We next performed an MTT assay to evaluate the effect of GLGZD on cell viability. As shown in Fig. 3, treatment with various concentrations of GLGZD and/or LPS had no effect on the viability of the BV-2 cells, suggesting that inhibition of the LPS-induced inflammatory response in BV-2 cells did not result from the cytotoxic action of GLGZD.

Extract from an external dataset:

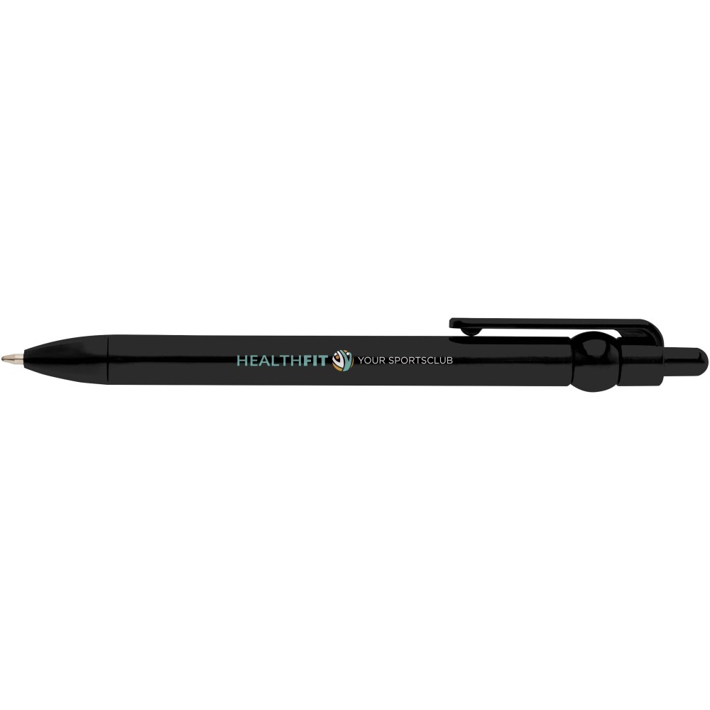 A Fidget golyóstoll fekete tintával újrahasznosított műanyagból készült, csökkentve az új műanyag felhasználásának szükségességét. Tollhegy mérete: 1,0 mm. Íráshossz: 1000 méter.
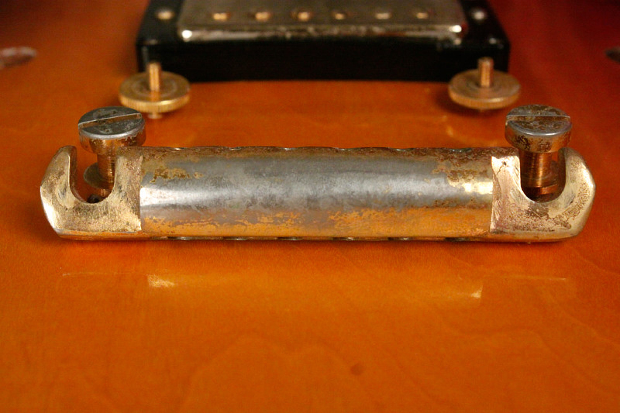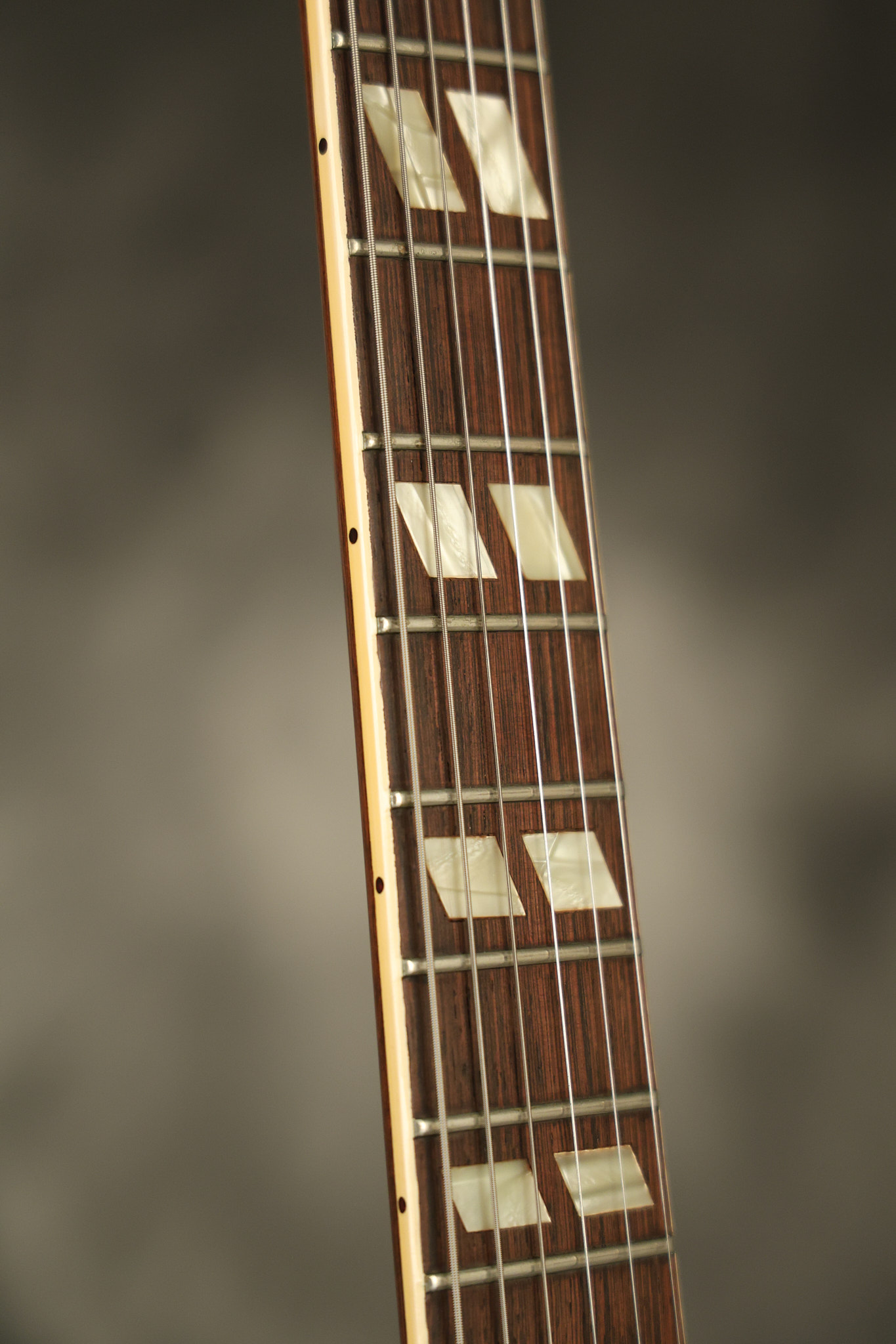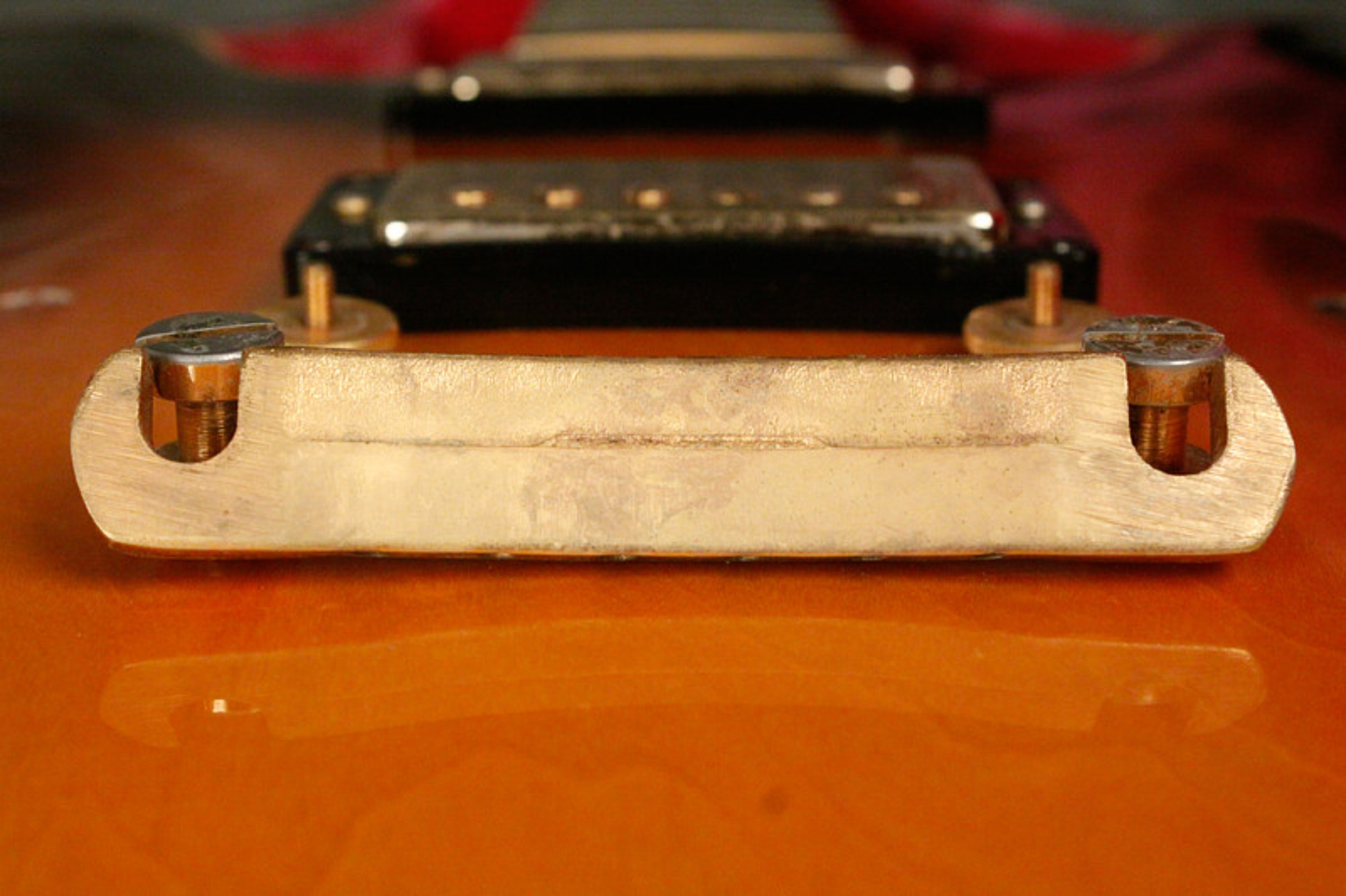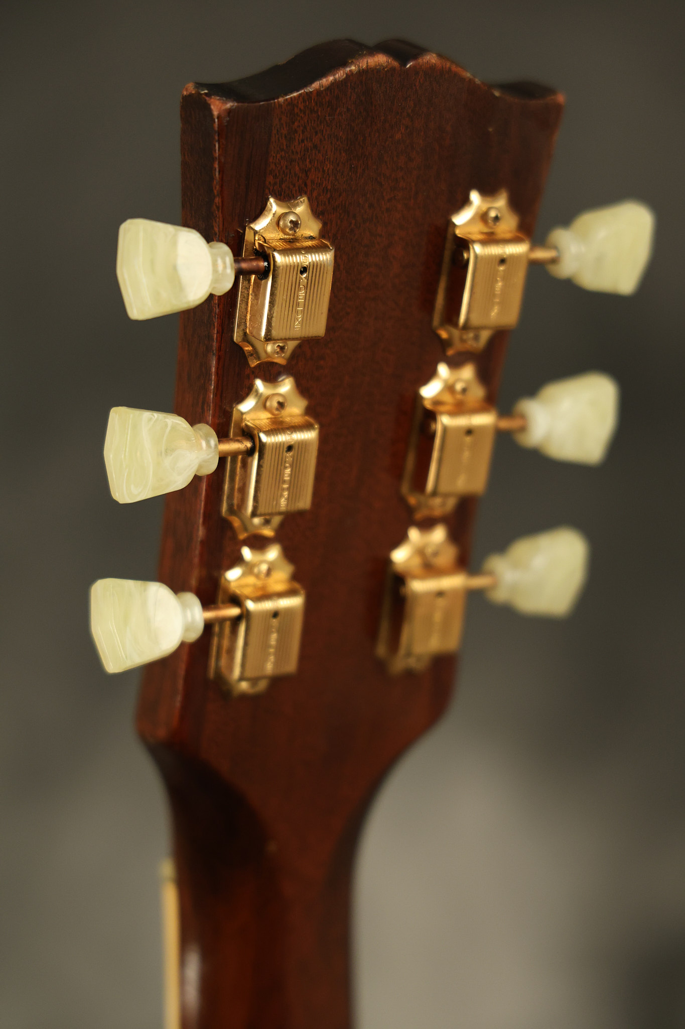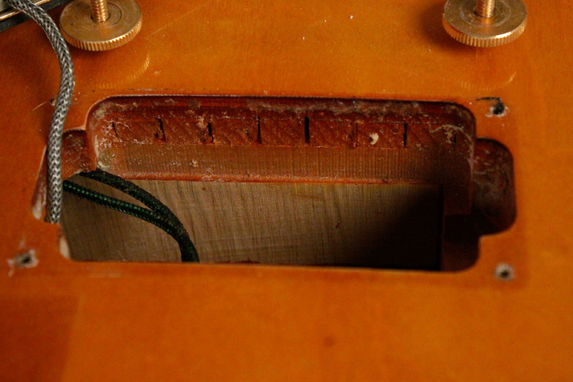 1960 Gibson ES-345 in its original Sunburst finish which has really maintained its brilliance. It has a great playing neck with good frets. It's all original except for 4 replaced tuning buttons, and 100% complete along with its original hardshell case. There are 4 small screw holes on the bottom edge where a Bigsby had been installed at one time. This 345 looks great with some nicks + dings and other cosmetic wear. The guitar itself remains structurally sound with no cracks, breaks or repairs. All electronics work and sound great with its original set of "Zebra" (black/white) PAF pickups. The cover have been removed at one point in time before being soldered back in place.

TLR4/NF-κB signaling is one of the major pathways mediating immune and inflammation responses, which are involved in the expression of inflammatory mediators. The process of NF-κB activation includes several key links such as TLR4 activation, the presence of MyD88, phosphorylation/degradation of IκB, and subsequent nuclear translocation of NF-κB. To elucidate the mechanism of the anti-inflammatory activity of GLGZD, we examined its effect on the TLR4/NF-κB signaling pathway in microglial cells. As shown in Fig. 4, upon LPS stimulation, the expression of TLR4 and MyD88 as well as the phosphorylation level of IκB were significantly increased. However, GLGZD significantly neutralized the effect of LPS stimulation, dose-dependently reducing TLR4 and MyD88 protein expression and IκB phosphorylation levels in BV-2 cells. To further verify these results, we evaluated the effect of GLGZD on the nuclear translocation of NF-κB which is a critical step for NF-κB activation. The NF-κB p65 subunit was visualized by immunofluorescence staining. The cells were counterstained with DAPI, and NF-κB nuclear translocation was recognized by the co-localization of the p65 subunit with DAPI. As shown in Fig. 5, LPS stimulation caused the nuclear translocation of the NF-κB p65 subunit, which was not observed in unstimulated cells. However, GLGZD treatment significantly blocked LPS-induced NF-κB nuclear translocation in the BV-2 cells, in a dose-dependent manner. Collectively, these data suggest that the anti-inflammatory effect of GLGZD is mediated by suppression of TLR4/NF-κB signaling in microglial BV-2 cells.